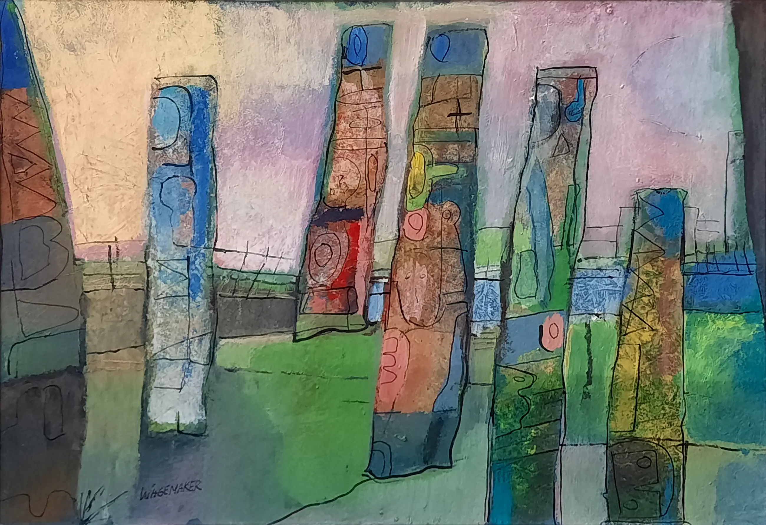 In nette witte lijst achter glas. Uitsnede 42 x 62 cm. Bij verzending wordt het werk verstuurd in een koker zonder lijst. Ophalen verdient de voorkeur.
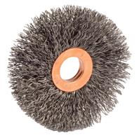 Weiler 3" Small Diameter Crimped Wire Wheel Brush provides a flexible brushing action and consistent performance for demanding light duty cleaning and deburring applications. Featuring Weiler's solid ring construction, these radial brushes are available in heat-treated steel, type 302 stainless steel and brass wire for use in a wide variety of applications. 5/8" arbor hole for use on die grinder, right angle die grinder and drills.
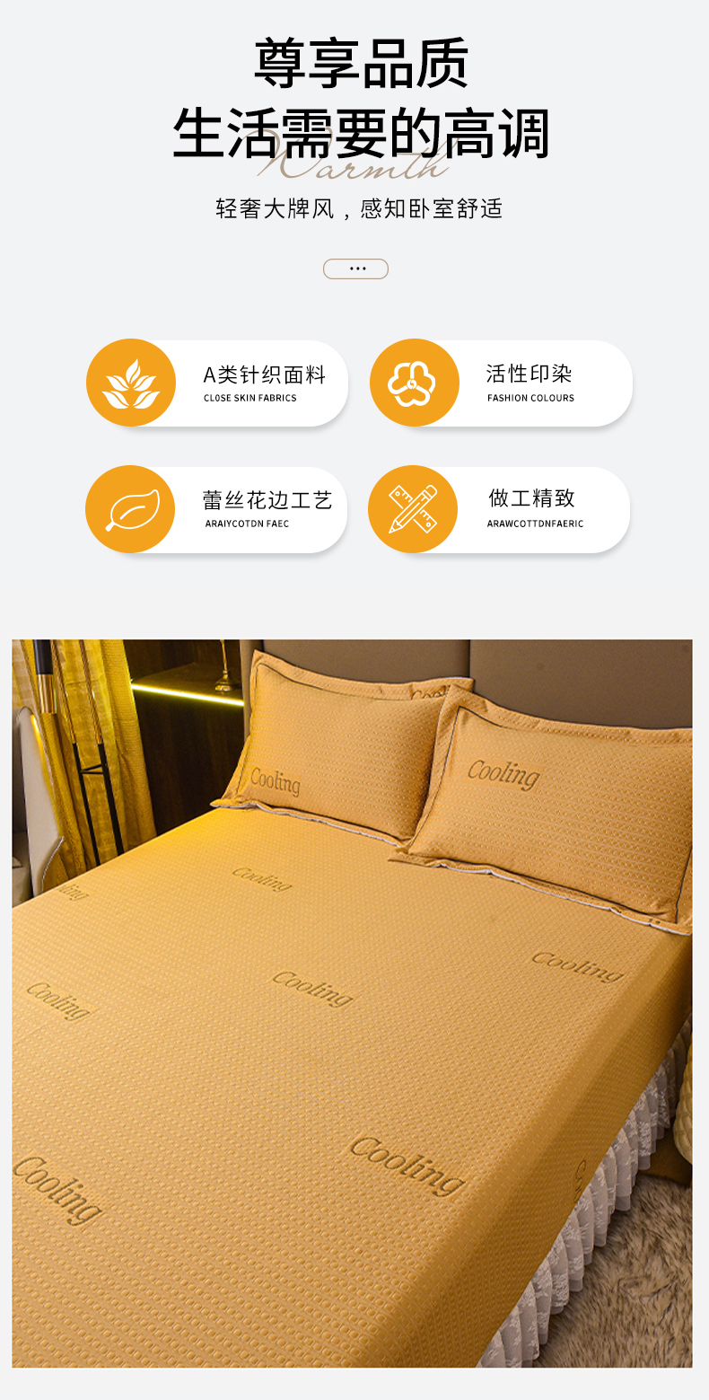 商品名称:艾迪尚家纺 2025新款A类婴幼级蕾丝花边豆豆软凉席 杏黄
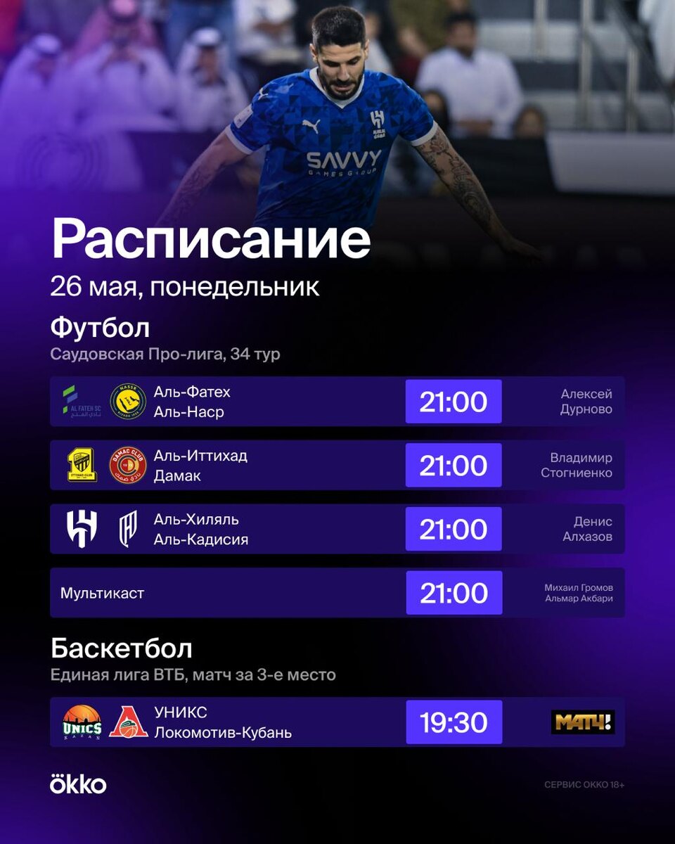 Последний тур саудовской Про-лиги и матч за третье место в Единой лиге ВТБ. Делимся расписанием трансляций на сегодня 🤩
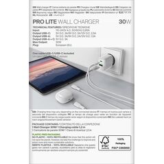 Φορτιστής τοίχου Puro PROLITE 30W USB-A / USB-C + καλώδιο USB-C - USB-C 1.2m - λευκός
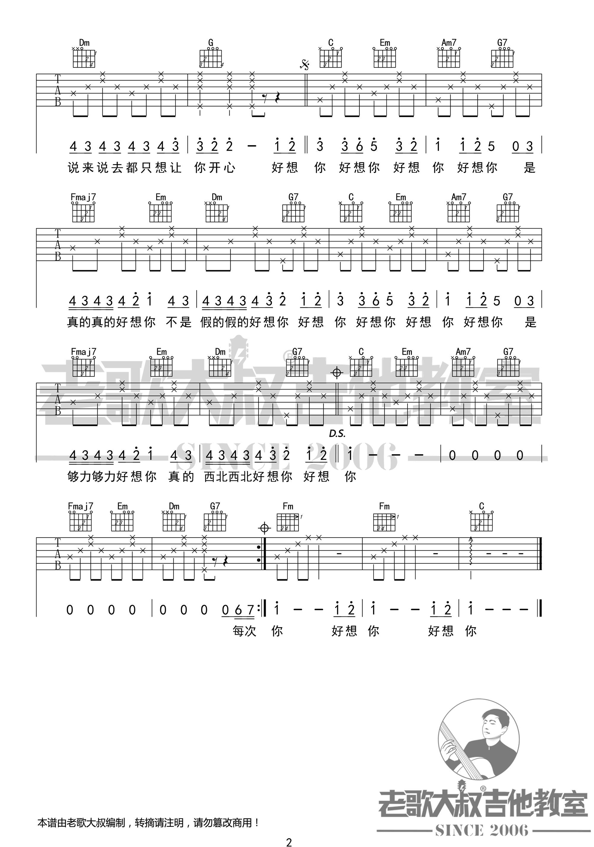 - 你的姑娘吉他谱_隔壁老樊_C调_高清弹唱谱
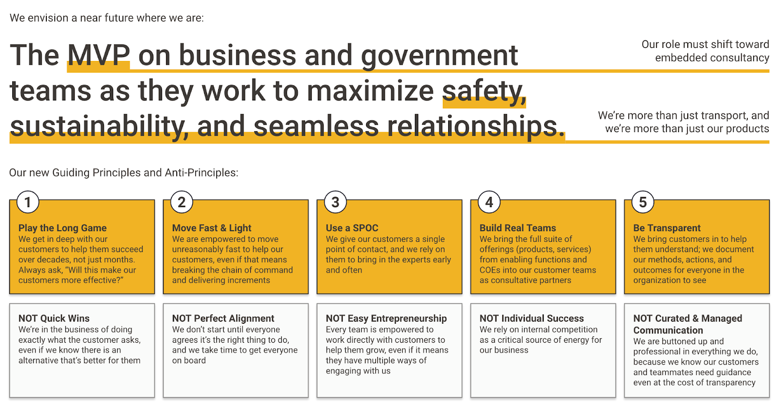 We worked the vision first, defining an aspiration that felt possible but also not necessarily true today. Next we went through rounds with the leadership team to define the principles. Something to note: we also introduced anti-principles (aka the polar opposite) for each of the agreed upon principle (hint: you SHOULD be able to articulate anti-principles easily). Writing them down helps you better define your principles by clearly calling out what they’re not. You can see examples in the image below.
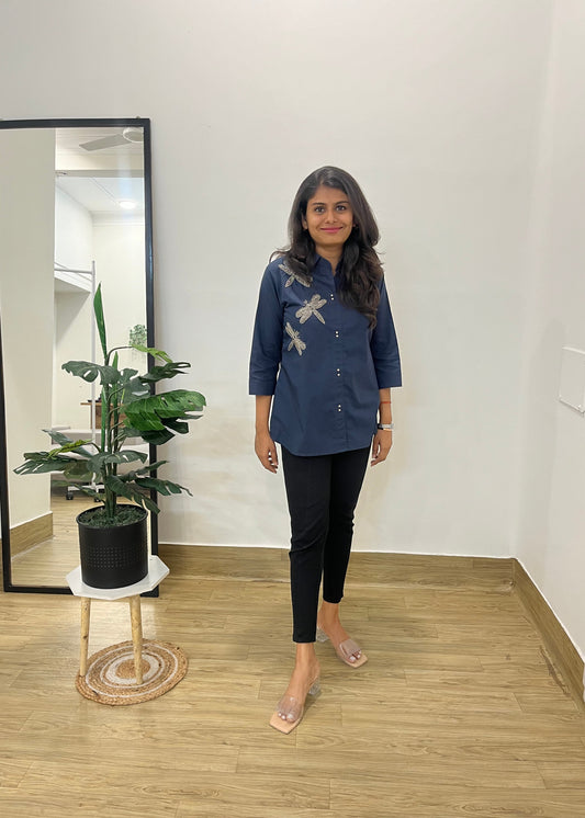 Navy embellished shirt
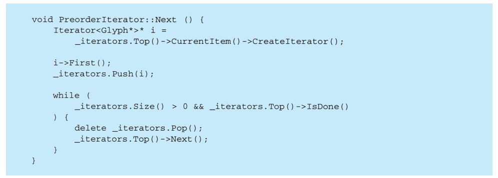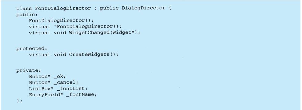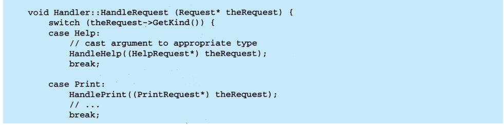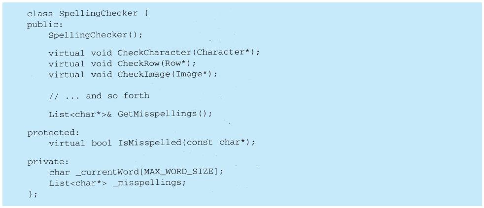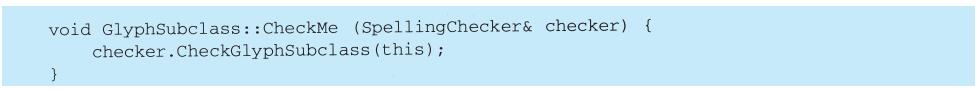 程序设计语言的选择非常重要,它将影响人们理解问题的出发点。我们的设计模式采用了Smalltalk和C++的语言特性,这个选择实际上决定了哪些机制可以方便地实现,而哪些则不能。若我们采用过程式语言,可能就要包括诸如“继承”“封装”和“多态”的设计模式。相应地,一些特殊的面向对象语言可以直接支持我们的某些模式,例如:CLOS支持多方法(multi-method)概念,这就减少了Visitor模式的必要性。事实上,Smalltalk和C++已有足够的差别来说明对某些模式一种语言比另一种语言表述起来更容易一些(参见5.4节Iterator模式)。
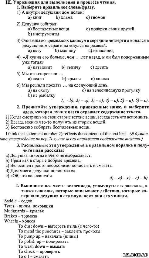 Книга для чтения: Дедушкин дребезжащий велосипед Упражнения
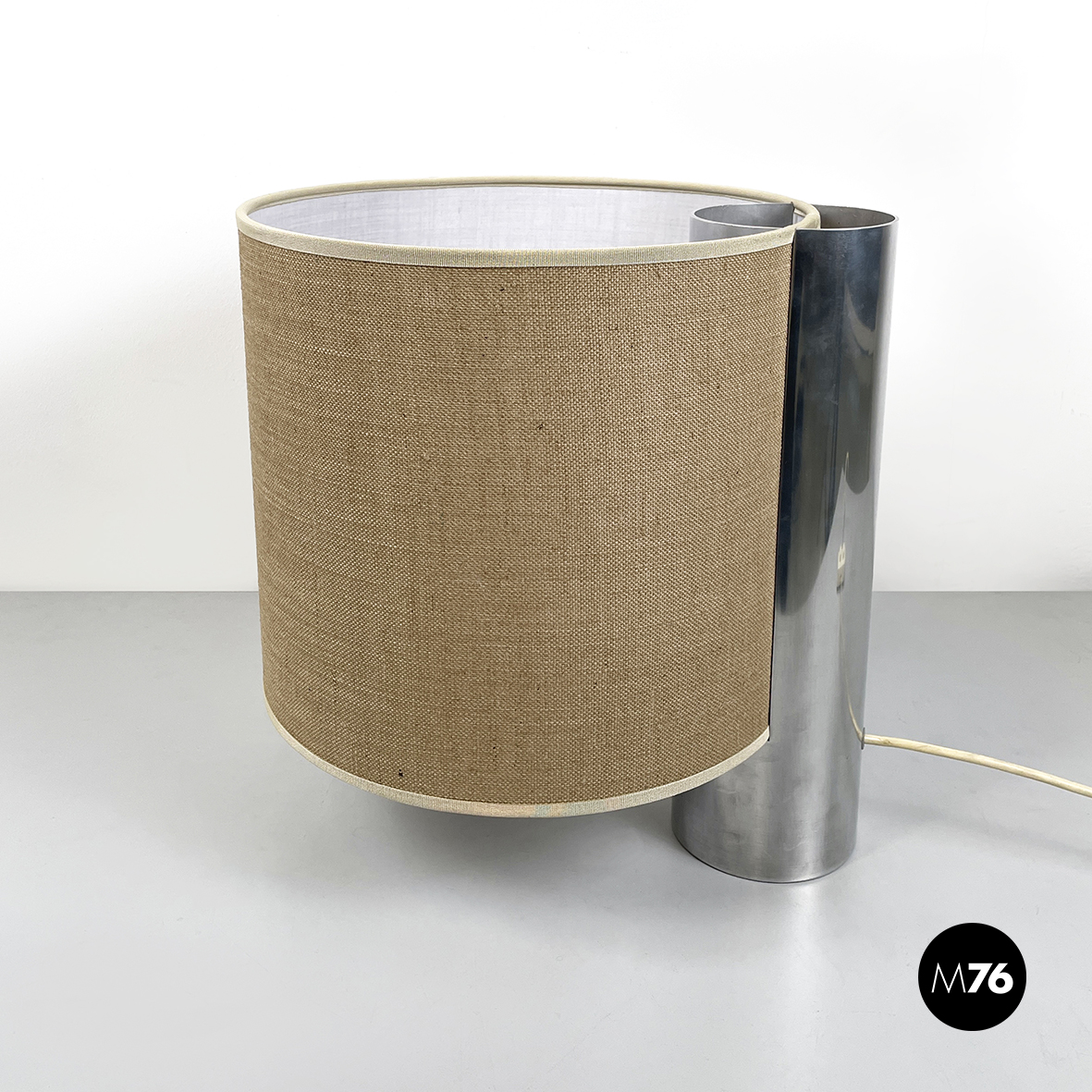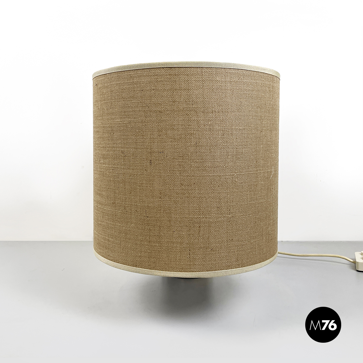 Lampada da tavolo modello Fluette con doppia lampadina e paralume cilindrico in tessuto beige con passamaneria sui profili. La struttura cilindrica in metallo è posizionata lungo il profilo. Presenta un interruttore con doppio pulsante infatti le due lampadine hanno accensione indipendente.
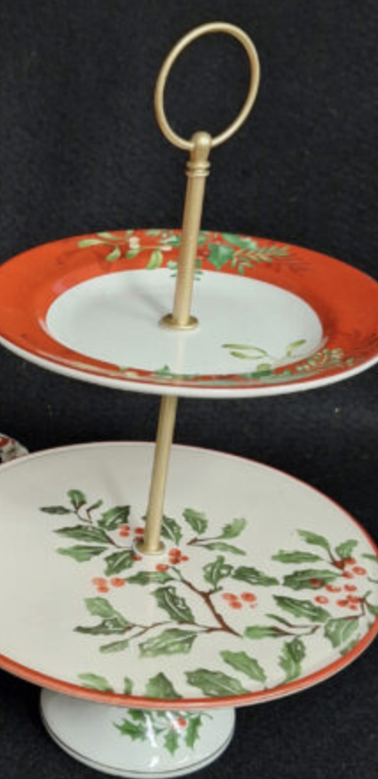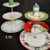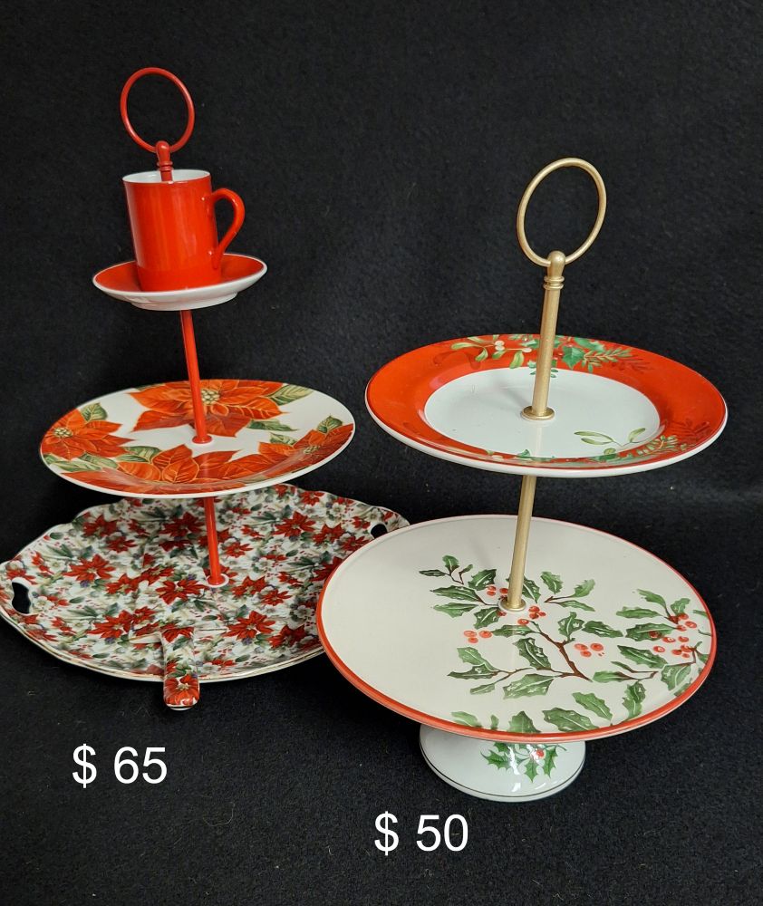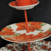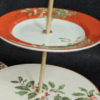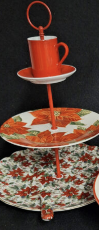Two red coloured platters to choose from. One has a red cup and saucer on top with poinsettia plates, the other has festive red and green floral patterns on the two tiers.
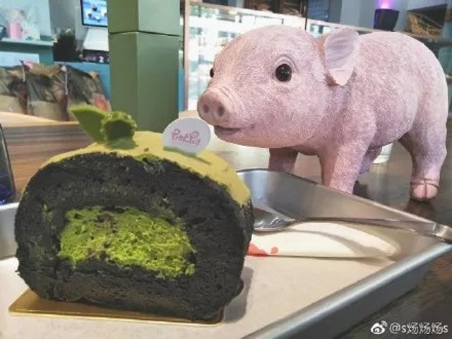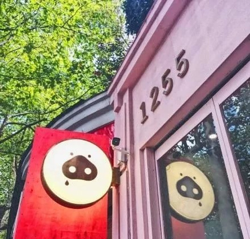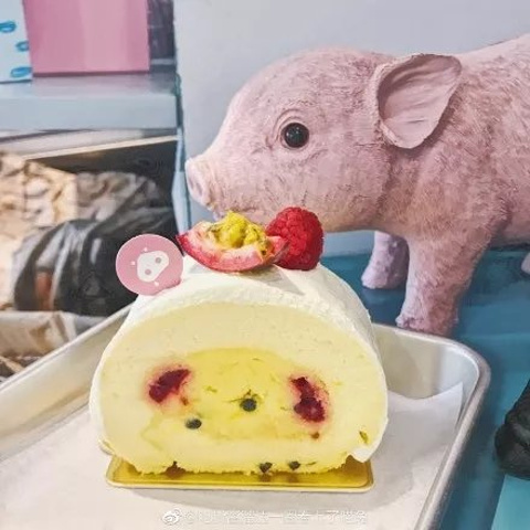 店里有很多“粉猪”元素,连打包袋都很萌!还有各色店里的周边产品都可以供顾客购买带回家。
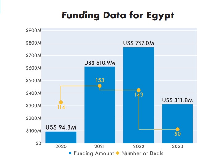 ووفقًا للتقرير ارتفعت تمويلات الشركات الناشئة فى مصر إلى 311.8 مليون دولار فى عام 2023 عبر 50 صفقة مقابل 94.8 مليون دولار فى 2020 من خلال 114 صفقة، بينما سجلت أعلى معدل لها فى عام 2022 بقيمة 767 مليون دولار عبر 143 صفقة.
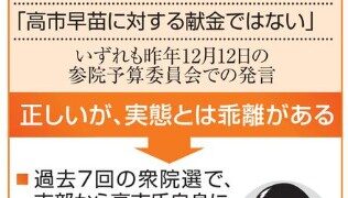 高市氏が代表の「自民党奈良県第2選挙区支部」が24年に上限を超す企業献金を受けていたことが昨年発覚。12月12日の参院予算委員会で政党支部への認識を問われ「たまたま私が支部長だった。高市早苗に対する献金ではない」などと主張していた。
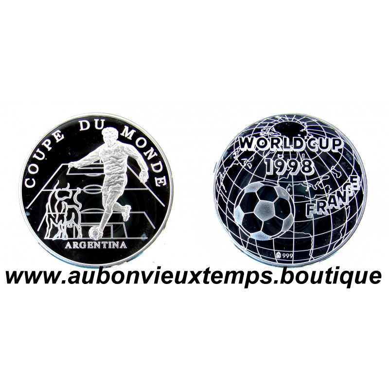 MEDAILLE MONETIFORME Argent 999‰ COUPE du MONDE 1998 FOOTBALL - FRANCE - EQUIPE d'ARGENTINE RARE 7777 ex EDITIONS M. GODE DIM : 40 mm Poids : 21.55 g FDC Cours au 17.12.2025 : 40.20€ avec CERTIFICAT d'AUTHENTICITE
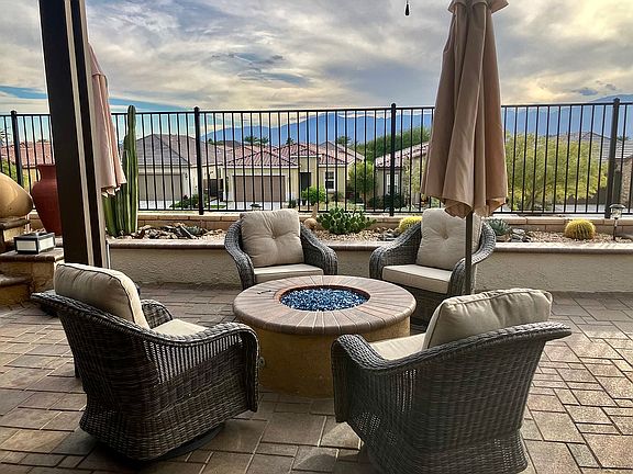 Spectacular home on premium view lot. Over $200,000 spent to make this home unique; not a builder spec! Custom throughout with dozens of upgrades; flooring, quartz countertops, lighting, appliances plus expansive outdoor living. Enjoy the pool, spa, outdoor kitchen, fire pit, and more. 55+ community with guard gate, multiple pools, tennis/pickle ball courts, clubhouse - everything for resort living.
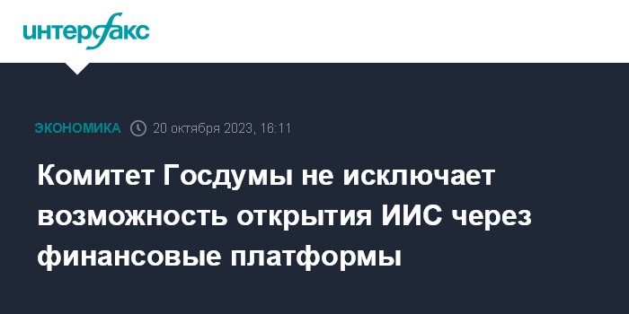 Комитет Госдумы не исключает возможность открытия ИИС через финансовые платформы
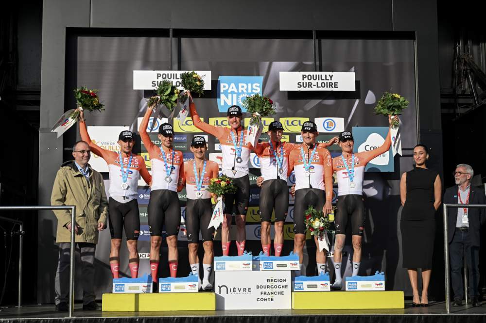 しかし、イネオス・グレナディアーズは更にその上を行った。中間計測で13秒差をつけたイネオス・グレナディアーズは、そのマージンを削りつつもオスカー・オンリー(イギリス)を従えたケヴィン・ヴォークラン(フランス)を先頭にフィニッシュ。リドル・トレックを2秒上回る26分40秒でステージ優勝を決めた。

*PROBLEM TO WORK ON*
Apart from the images, retype the full material exactly as written.

*REPLY TO THE TASK*
 In nette witte lijst achter glas. Uitsnede 42 x 62 cm. Bij verzending wordt het werk verstuurd in een koker zonder lijst. Ophalen verdient de voorkeur.
 Weiler 3" Small Diameter Crimped Wire Wheel Brush provides a flexible brushing action and consistent performance for demanding light duty cleaning and deburring applications. Featuring Weiler's solid ring construction, these radial brushes are available in heat-treated steel, type 302 stainless steel and brass wire for use in a wide variety of applications. 5/8" arbor hole for use on die grinder, right angle die grinder and drills.
 商品名称:艾迪尚家纺 2025新款A类婴幼级蕾丝花边豆豆软凉席 杏黄
 Последний тур саудовской Про-лиги и матч за третье место в Единой лиге ВТБ. Делимся расписанием трансляций на сегодня 🤩
 Φορτιστής τοίχου Puro PROLITE 30W USB-A / USB-C + καλώδιο USB-C - USB-C 1.2m - λευκός
 - 你的姑娘吉他谱_隔壁老樊_C调_高清弹唱谱
 We worked the vision first, defining an aspiration that felt possible but also not necessarily true today. Next we went through rounds with the leadership team to define the principles. Something to note: we also introduced anti-principles (aka the polar opposite) for each of the agreed upon principle (hint: you SHOULD be able to articulate anti-principles easily). Writing them down helps you better define your principles by clearly calling out what they’re not. You can see examples in the image below.
 Navy embellished shirt
 程序设计语言的选择非常重要,它将影响人们理解问题的出发点。我们的设计模式采用了Smalltalk和C++的语言特性,这个选择实际上决定了哪些机制可以方便地实现,而哪些则不能。若我们采用过程式语言,可能就要包括诸如“继承”“封装”和“多态”的设计模式。相应地,一些特殊的面向对象语言可以直接支持我们的某些模式,例如:CLOS支持多方法(multi-method)概念,这就减少了Visitor模式的必要性。事实上,Smalltalk和C++已有足够的差别来说明对某些模式一种语言比另一种语言表述起来更容易一些(参见5.4节Iterator模式)。
 Книга для чтения: Дедушкин дребезжащий велосипед Упражнения
 Lampada da tavolo modello Fluette con doppia lampadina e paralume cilindrico in tessuto beige con passamaneria sui profili. La struttura cilindrica in metallo è posizionata lungo il profilo. Presenta un interruttore con doppio pulsante infatti le due lampadine hanno accensione indipendente.
Two red coloured platters to choose from. One has a red cup and saucer on top with poinsettia plates, the other has festive red and green floral patterns on the two tiers.
 店里有很多“粉猪”元素,连打包袋都很萌!还有各色店里的周边产品都可以供顾客购买带回家。
 ووفقًا للتقرير ارتفعت تمويلات الشركات الناشئة فى مصر إلى 311.8 مليون دولار فى عام 2023 عبر 50 صفقة مقابل 94.8 مليون دولار فى 2020 من خلال 114 صفقة، بينما سجلت أعلى معدل لها فى عام 2022 بقيمة 767 مليون دولار عبر 143 صفقة.
 高市氏が代表の「自民党奈良県第2選挙区支部」が24年に上限を超す企業献金を受けていたことが昨年発覚。12月12日の参院予算委員会で政党支部への認識を問われ「たまたま私が支部長だった。高市早苗に対する献金ではない」などと主張していた。
 MEDAILLE MONETIFORME Argent 999‰ COUPE du MONDE 1998 FOOTBALL - FRANCE - EQUIPE d'ARGENTINE RARE 7777 ex EDITIONS M. GODE DIM : 40 mm Poids : 21.55 g FDC Cours au 17.12.2025 : 40.20€ avec CERTIFICAT d'AUTHENTICITE
 Spectacular home on premium view lot. Over $200,000 spent to make this home unique; not a builder spec! Custom throughout with dozens of upgrades; flooring, quartz countertops, lighting, appliances plus expansive outdoor living. Enjoy the pool, spa, outdoor kitchen, fire pit, and more. 55+ community with guard gate, multiple pools, tennis/pickle ball courts, clubhouse - everything for resort living.
 Комитет Госдумы не исключает возможность открытия ИИС через финансовые платформы
 しかし、イネオス・グレナディアーズは更にその上を行った。中間計測で13秒差をつけたイネオス・グレナディアーズは、そのマージンを削りつつもオスカー・オンリー(イギリス)を従えたケヴィン・ヴォークラン(フランス)を先頭にフィニッシュ。リドル・トレックを2秒上回る26分40秒でステージ優勝を決めた。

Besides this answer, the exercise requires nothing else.